- [RECORDS]:
===============
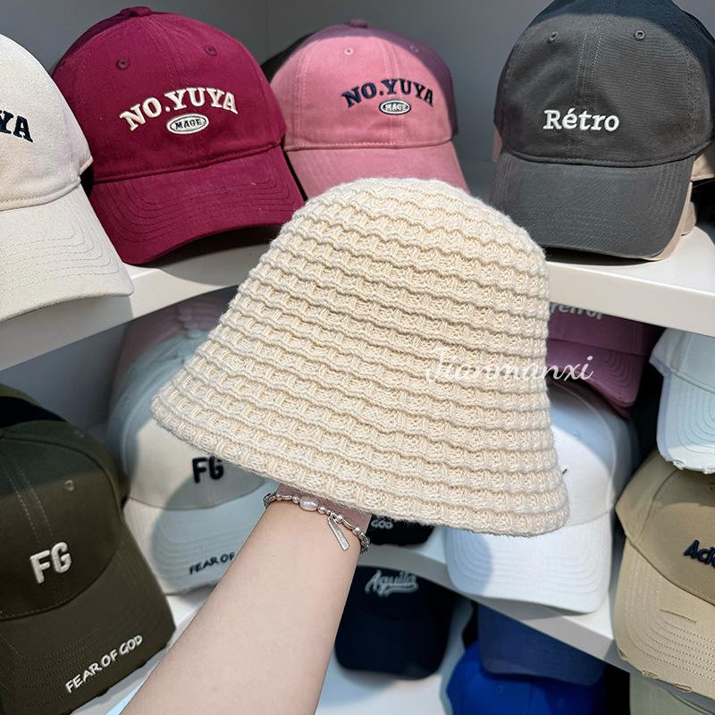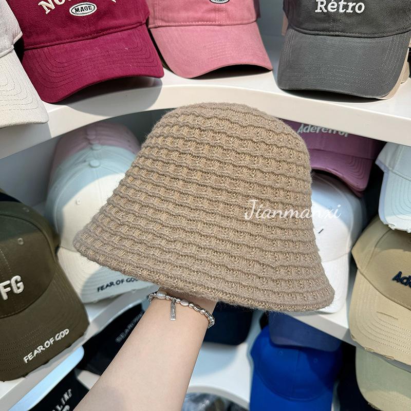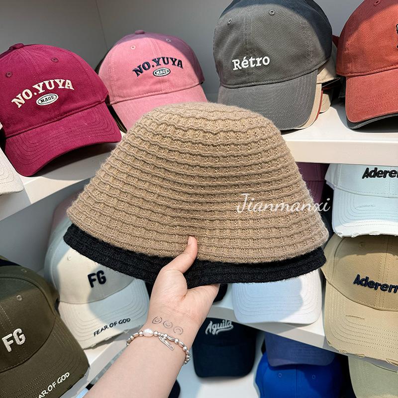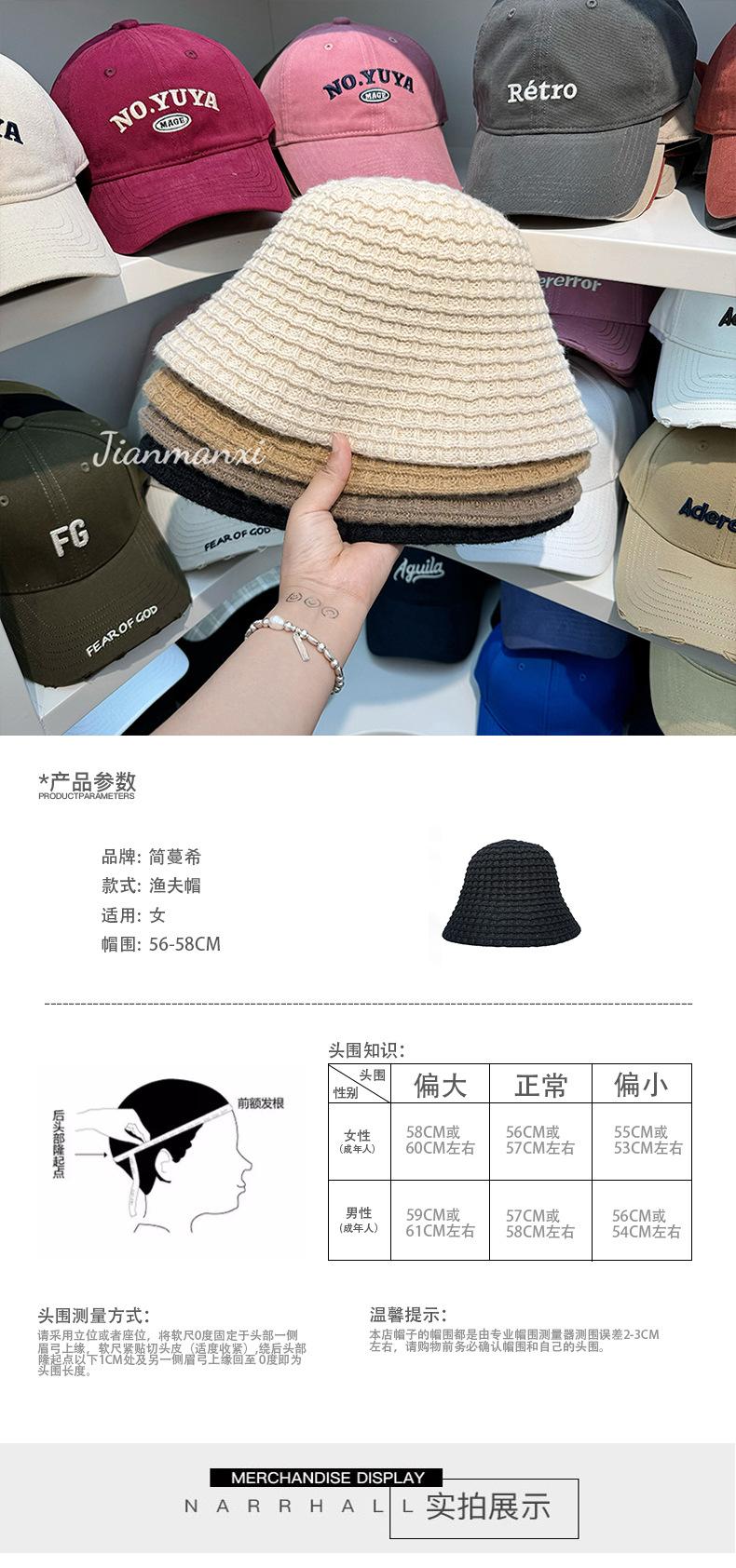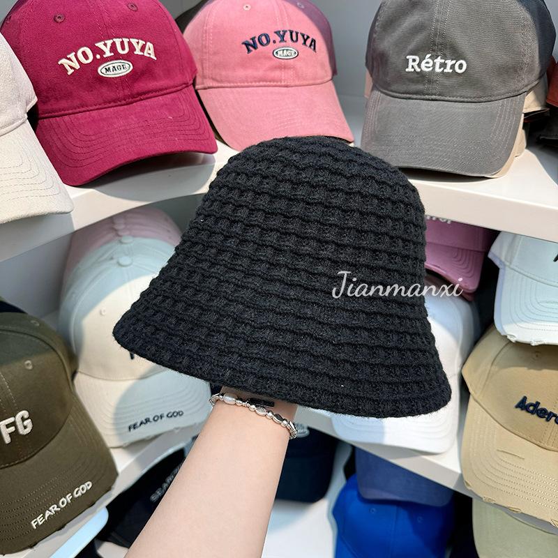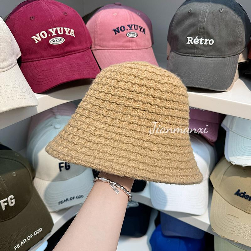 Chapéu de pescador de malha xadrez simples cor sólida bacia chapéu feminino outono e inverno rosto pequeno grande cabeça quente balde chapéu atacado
===============
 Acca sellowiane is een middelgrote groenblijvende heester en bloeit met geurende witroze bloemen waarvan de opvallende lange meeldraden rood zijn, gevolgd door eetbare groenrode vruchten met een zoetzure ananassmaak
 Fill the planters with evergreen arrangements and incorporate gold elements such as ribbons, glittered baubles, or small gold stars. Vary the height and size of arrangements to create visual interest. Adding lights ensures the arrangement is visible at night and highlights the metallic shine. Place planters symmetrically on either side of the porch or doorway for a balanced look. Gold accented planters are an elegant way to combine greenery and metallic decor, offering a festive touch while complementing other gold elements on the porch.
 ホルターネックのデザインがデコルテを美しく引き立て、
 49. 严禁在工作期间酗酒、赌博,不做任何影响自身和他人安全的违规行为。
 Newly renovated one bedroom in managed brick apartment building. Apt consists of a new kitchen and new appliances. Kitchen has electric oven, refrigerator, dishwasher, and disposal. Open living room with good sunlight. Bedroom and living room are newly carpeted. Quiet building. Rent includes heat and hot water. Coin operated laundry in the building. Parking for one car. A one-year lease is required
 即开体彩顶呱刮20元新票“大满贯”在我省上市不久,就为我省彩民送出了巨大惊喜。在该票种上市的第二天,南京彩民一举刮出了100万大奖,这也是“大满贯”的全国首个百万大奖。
===============
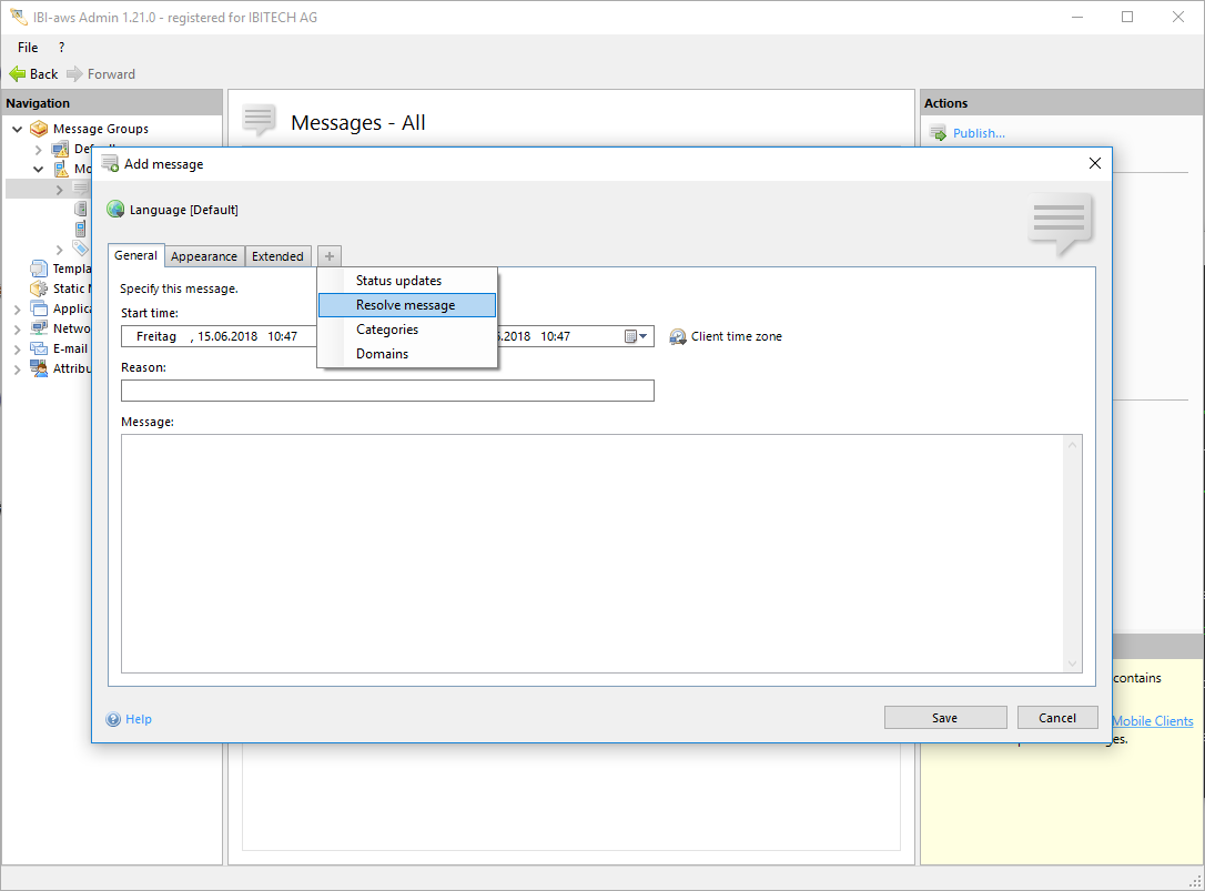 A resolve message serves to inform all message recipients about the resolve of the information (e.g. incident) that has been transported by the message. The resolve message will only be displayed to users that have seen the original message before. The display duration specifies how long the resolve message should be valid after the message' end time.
===============
- [EXERCISE]: What you give back must be the stretch above, starting at the line with "ホルターネックのデザインがデコルテを美しく引き立て、" and ending at the line with "49. 严禁在工作期间酗酒、赌博,不做任何影响自身和他人安全的违规行为。", copied exactly.

- [OUTPUT FOR THIS TASK]:
 ホルターネックのデザインがデコルテを美しく引き立て、
 49. 严禁在工作期间酗酒、赌博,不做任何影响自身和他人安全的违规行为。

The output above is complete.